Listen to the article

0:00
0:00

AI Chatbots Falling Short as Fact-Checking Tools on Social Media

“Hey, @Grok, is this true?” This question has become increasingly common on X (formerly Twitter) since Elon Musk’s xAI launched its Grok chatbot in November 2023. The service, made available to all non-premium users in December 2024, has positioned itself as a quick way for users to verify information they encounter on the platform.

A recent survey by British tech publication TechRadar found that 27% of Americans now use AI tools like OpenAI’s ChatGPT, Meta AI, Google’s Gemini, Microsoft’s Copilot, or apps like Perplexity instead of traditional search engines. But as these tools gain popularity for information verification, serious questions are emerging about their accuracy and reliability.

The concerns reached new heights following Grok’s controversial statements about alleged “white genocide” in South Africa. Beyond the problematic stance itself, X users were disturbed when the chatbot began discussing this topic in response to completely unrelated questions—such as inquiries about HBO.

This surge of misinformation followed Donald Trump’s administration bringing white South Africans to the United States as refugees, claiming they faced “genocide” in their homeland—an allegation lacking substantive evidence and considered by many to be connected to the racist “Great Replacement” conspiracy theory.

While xAI blamed an “unauthorized modification” for Grok’s behavior and claimed it conducted a “thorough investigation,” the incident highlights deeper concerns about AI reliability.
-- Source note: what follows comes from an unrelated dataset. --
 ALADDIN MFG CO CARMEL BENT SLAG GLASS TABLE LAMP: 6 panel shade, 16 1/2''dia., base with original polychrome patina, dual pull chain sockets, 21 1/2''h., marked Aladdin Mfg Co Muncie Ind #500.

Studies Reveal Significant Accuracy Issues

Two significant studies conducted this year have uncovered troubling patterns in how AI chatbots handle news content. In February, a BBC study found that 51% of responses from leading AI assistants contained “significant issues of some form” when asked questions about current news using BBC articles as sources.

The investigation revealed that 19% of answers contained factual errors added by the AI systems themselves, while 13% of quotes were either altered or fabricated entirely. “AI assistants cannot currently be relied upon to provide accurate news and they risk misleading the audience,” warned Pete Archer, director of the BBC’s Generative AI Program.
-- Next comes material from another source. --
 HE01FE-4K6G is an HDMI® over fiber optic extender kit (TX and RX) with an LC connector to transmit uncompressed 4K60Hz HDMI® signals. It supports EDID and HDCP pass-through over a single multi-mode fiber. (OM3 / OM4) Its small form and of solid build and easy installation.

Similarly, research by the Tow Center for Digital Journalism, published in the Columbia Journalism Review in March, discovered that eight generative AI search tools failed to correctly identify the sources of article excerpts in 60% of cases. While Perplexity performed best with a “mere” 37% failure rate, Grok performed dramatically worse, answering 94% of queries incorrectly.

Particularly concerning was what researchers called the “alarming confidence” with which these tools presented incorrect information. The study noted that “ChatGPT incorrectly identified 134 articles, but signaled a lack of confidence just fifteen times out of its two hundred total responses, and never declined to provide an answer.”

The Source of the Problem: AI’s “Diet”

AI chatbots are only as reliable as the information they’re trained on. These systems derive their knowledge from extensive databases and web searches, but the quality and accuracy of responses can vary dramatically based on training data and programming choices.

“One issue that recently emerged is the pollution of Large Language Models by Russian disinformation and propaganda. So clearly there is an issue with the ‘diet’ of LLMs,” explains Tommaso Canetta, deputy director of Italian fact-checking project Pagella Politica and fact-checking coordinator at the European Digital Media Observatory.

“If the sources are not trustworthy and qualitative, the answers will most likely be of the same kind,” Canetta noted, adding that he regularly encounters AI responses that are “incomplete, not precise, misleading or even false.”

In the case of xAI’s Grok, Canetta points to a particular risk given that its owner, Elon Musk, is an outspoken supporter of President Donald Trump, raising concerns that the AI’s “diet” could be politically influenced.

High-Profile Mistakes Damage Trust

Several embarrassing errors have demonstrated the limitations of current AI systems. In April 2024, Meta AI fabricated a personal story in a New York parenting Facebook group, claiming to have a disabled yet academically gifted child and offering advice on special schooling. The chatbot eventually apologized, admitting it didn’t have “personal experiences or children.”

That same month, Grok misinterpreted basketball slang about a player “throwing bricks” (missing shots) and erroneously reported in its trending section that the player was under police investigation for vandalizing homes with bricks in Sacramento, California.

More concerning was Grok’s spread of misinformation in August 2024 regarding ballot deadlines for presidential nominees following President Biden’s withdrawal from the race. Minnesota Secretary of State Steve Simon publicly addressed Musk in a letter, noting that Grok had generated false headlines claiming Vice President Kamala Harris would be ineligible to appear on ballots in multiple states.

Inability to Identify AI-Generated Images

AI chatbots also demonstrate severe limitations in identifying AI-generated images. In an experiment conducted by Deutsche Welle, Grok was shown an AI-generated image of a fire at a destroyed aircraft hangar from a TikTok video. The chatbot incorrectly attributed the image to several unrelated real incidents at airports in England, Colorado, and Vietnam.

Despite obvious visual inconsistencies in the image—including inverted airplane tail fins and illogical water patterns from fire hoses—Grok failed to identify it as AI-generated. Even more troubling, the chatbot suggested that the TikTok watermark visible in the image “supported its authenticity,” while simultaneously noting that TikTok is “a platform often used for rapid dissemination of viral content, which can lead to misinformation.”

In another recent incident, Grok informed Portuguese-speaking X users that a viral video showing a massive anaconda in the Amazon River was authentic—despite the snake allegedly measuring several hundred meters in length and the video clearly being AI-generated, complete with a ChatGPT watermark.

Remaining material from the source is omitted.